This invention relates generally to tools and instruments of a type and size to be hand-manipulable and, more particularly, to a modular system of hand tools consisting of one or more tool pieces which require reconditioning from time to time and a toolpiece holder or handle to which the tool piece is detachably secured.
Even though machine shops usually employ skilled personnel to sharpen tools and instruments, it is becoming more and more commonplace to use modular tool systems to reduce costs and better insure the availability of properly sharpened tools. Basically, under the modular concept a machine shop, for example, maintains a supply of tool pieces with properly sharpened edges which can be be releasably fixed on a tool holder so as to be easily removed when it becomes dull or damaged and replaced by a sharp one. Thus, a machining operation is interrupted for only the time required to remove a chipped or dull tool and replace it with another taken from a supply kept in optimum condition by an expert hired for the purpose.
A somewhat analogous situation exists in the field of orthopaedic surgery in that skilled services are available for sharpening surgical tools, but the case is rare that the sharpening service is on the hospital premises. Instead, the people providing such services offer to call at the hospital on a regular schedule, say, every month or two, to pick up the tools needing sharpening, but unless the volume of work is significant experience has shown they will not show up. Moreover, although such sharpening services can sharpen and return tools with a relatively short turnaround time, because the surgeon never knows whether he is going to need a particular tool an hour later, two hours later or maybe not until next week, there is a tendency on the part of hospital staff to send instruments out for sharpening only if they are badly damaged. While many hospitals designate in-house personnel to sharpen surgical instruments instead of using outside sharpening services, more often than not such personnel lack sufficient training to be truly expert in the techniques necessary to insure the finest tooling. This long-recognized problem is exacerbated by the recent adoption and growing use of the technique of coating hardened stainless steel surgical cutting instruments to increase the Rockwell hardness and strength of the cutting tip. All of the cutting instruments used in orthopaedics are made of stainless steel because it does not oxidize when sterilized, the cutting edges of which are usually made of 440C stainless which has a hardness between about 55 and 60 on the Rockwell C scale, which is as much as 15 points lower than that of non-stainless tool steels, but which cannot be used in orthopaedic surgery because they would oxidize with sterilization. As a consequence, various coatings, such as titanium nitrate, have been developed which when applied over the hardened 440C stainless steel significantly increases the Rockwell hardness and strength of the cutting tip.
Although such coatings increase the cutting strength of the tip, the sharpened edges do nonetheless become dulled and sometimes chipped with extensive use. Any attempt to sharpen such tips with an abrasive wheel or stone immediately destroys the coating, which is only three-tenthousandth of an inch thick, thereby, in effect, destroying the tool piece. In order that the benefits of coating the cutting edge of stainless steel tool pieces, despite of problem of restoring the edge when it becomes dulled has led to the development of modular techniques in the manufacture of cutting implements utilized in orthopaedics. These techniques, which may be equally applicable and useful in the fabrication of wood carving and stone carving tools, for example, consist essentially of making a relatively small tool piece of hardened stainless steel and coating its sharpened edge to increase the strength and hardness, and then detachably securing the tool piece to a suitable handle by which the tool piece can be manipulated. In this way, when a surgeon first notices that the cutting edge of a tool piece he is using or plans to use is damaged, he can simply remove and dispose of the damaged tool piece, get a replacement tip from a supply cabinet, sterilize it, and attach it to the handle without delaying the surgical procedure.

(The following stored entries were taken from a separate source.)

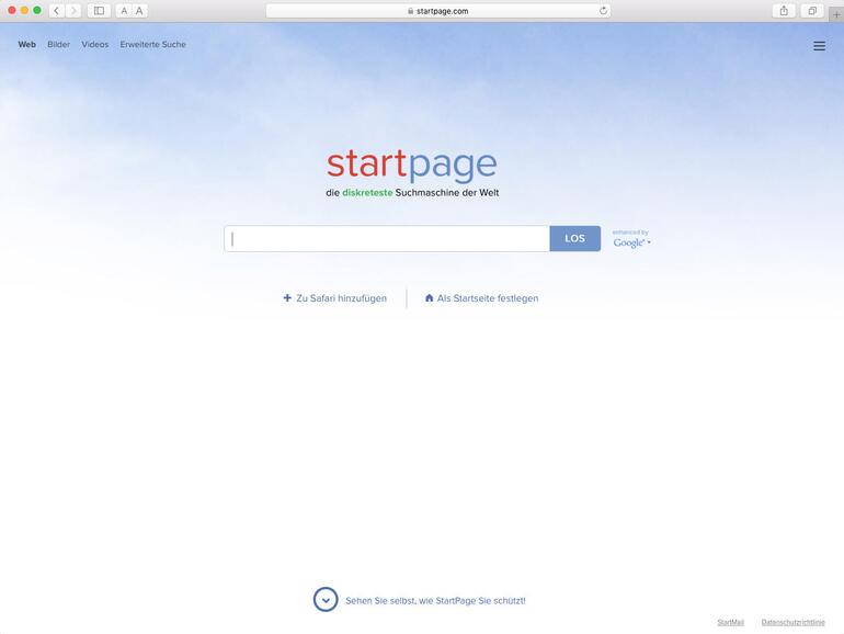 Die niederländische Suchmaschine Startpage.com, schon seit 1998 bekannt unter der Bezeichnung ixquick, ist der einzige Anbieter mit „offiziellem Segen“ der Datenschützer und erhielt 2008 das europäischen Gütesiegel für Datenschutz. Die schnörkellose Suchmaschine speichert ebenfalls keine IP-Adressen oder Cookies – Sie können sogar auswählen, ob Sie Server in den USA oder in der EU verwenden möchten. Startpage.com selbst setzt übrigens auf Google als Suchmaschine – allerdings mit den genannten Sicherheitsmechanismen. Für Safari-Anwender gibt es die Möglichkeit, Startpage.com mittels einer Erweiterung als Suchmaschine einzurichten.
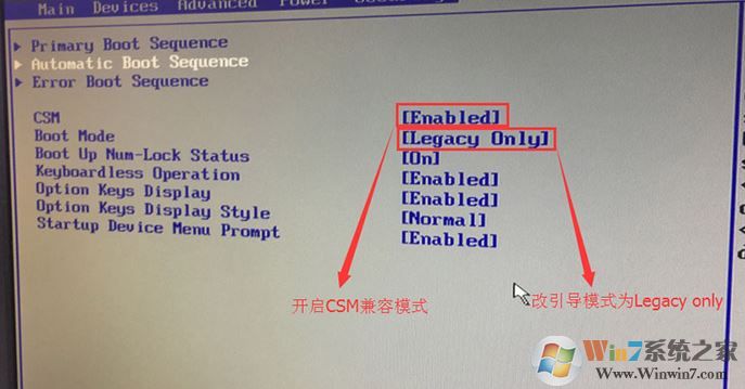 3、切换到Boot,把Boot Mode从UEFI改成Legacy only引导模式,再把csm默认disabled改成enabled,开启兼容模式,选择F10保存设置,在弹出的选项中选择YES;
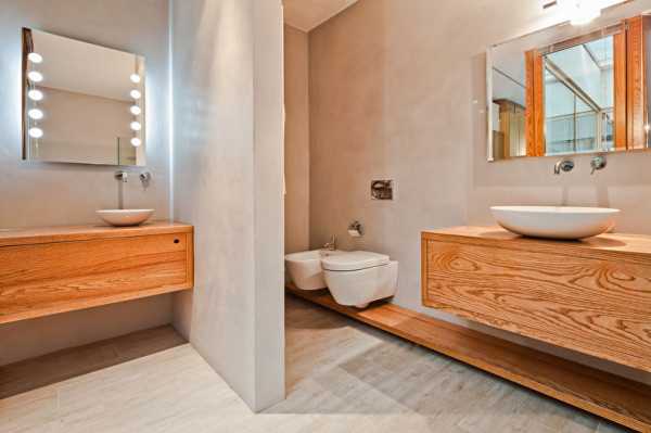 Для экономии площади и создания эффекта невесомости в помещении используются подвесные раковины, унитазы, биде. Сантехнические элементы обычно изготовлены из металла, который плавно вплетается в естественную атмосферу ванной комнаты.
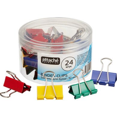 - Зажим для бумаг 32 мм ATTACHE цветные, 24шт.
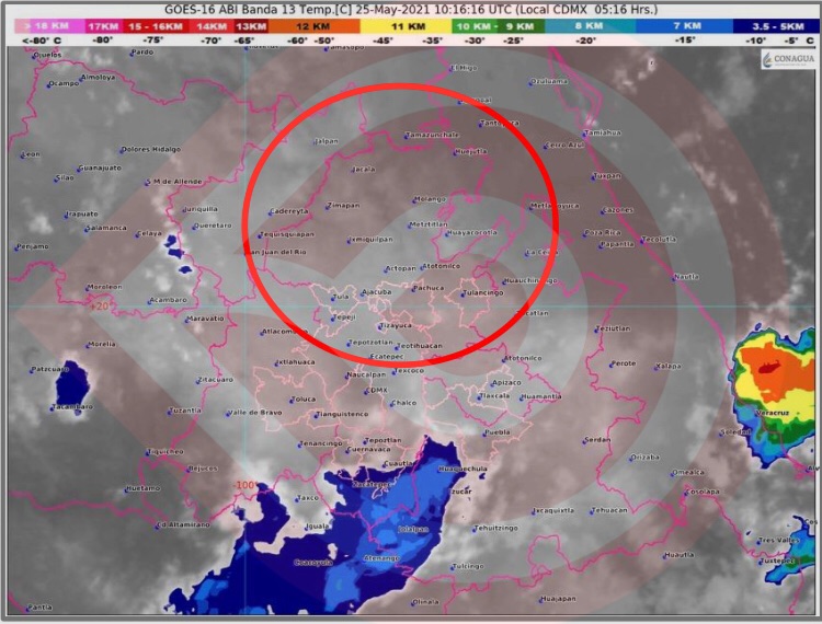 Para el Valle de México se prevé cielo medio nublado y ambiente fresco por la mañana, incremento de nubosidad con ambiente de cálido a caluroso hacia la tarde y viento del norte de 10 a 20 km/h, con rachas de 30 a 40 km/h. En la Ciudad de México se esperan lluvias aisladas con descargas eléctricas, temperatura mínima de 14 a 16 grados Celsius y máxima de 27 a 29 grados Celsius. Para el Estado de México se prevén intervalos de chubascos con descargas eléctricas, así como temperatura máxima de 25 a 27 grados Celsius y mínima de 6 a 8 grados Celsius en Toluca.
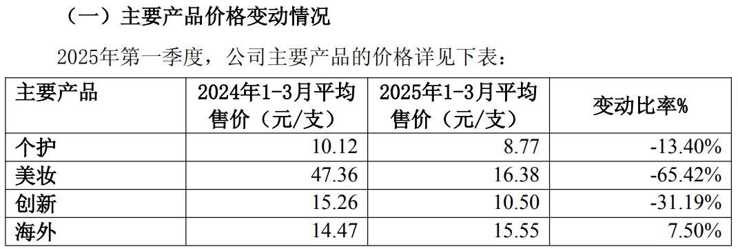价格方面,除包括汤美星等品牌的海外产品平均售价同比有所提升,个护、美妆及创新产品的平均售价均呈下滑趋势,分别同比减少13.4%、65.42%以及31.19%至8.77元、16.38元和10.5元,海外产品平均售价则增长7.5%至15.55元。对此,上海家化指出,美妆产品平均售价同比下降,主要受佰草集部分产品降价及清理库存的影响;创新产品平均售价下降主要受部分品牌清理产品线的影响。

The construction of currently available modular orthopaedic tools of which applicant is aware, makes tool piece replacement inconvenient and time-consuming, due to the fact that the tool piece is secured to a handle with set-screws and/or bolts which require some form of tool for loosening and re-tightening. Moreover, such attaching means interrupt the contour of the working end of the tool which desirably is smooth and without protuberances or depressions of any kind.
Accordingly, it is a primary object of the present invention to provide an improved modular hand tool system.
Another, more specific, object of the invention is to provide a modular hand tool system especially useful in orthopaedics which includes a multiplicity of cutting tools such as chisels, gouges, osteotomes, and the like, each adapted to be releasably secured to a handle with a finger-operated screw mechanism contained in the handle.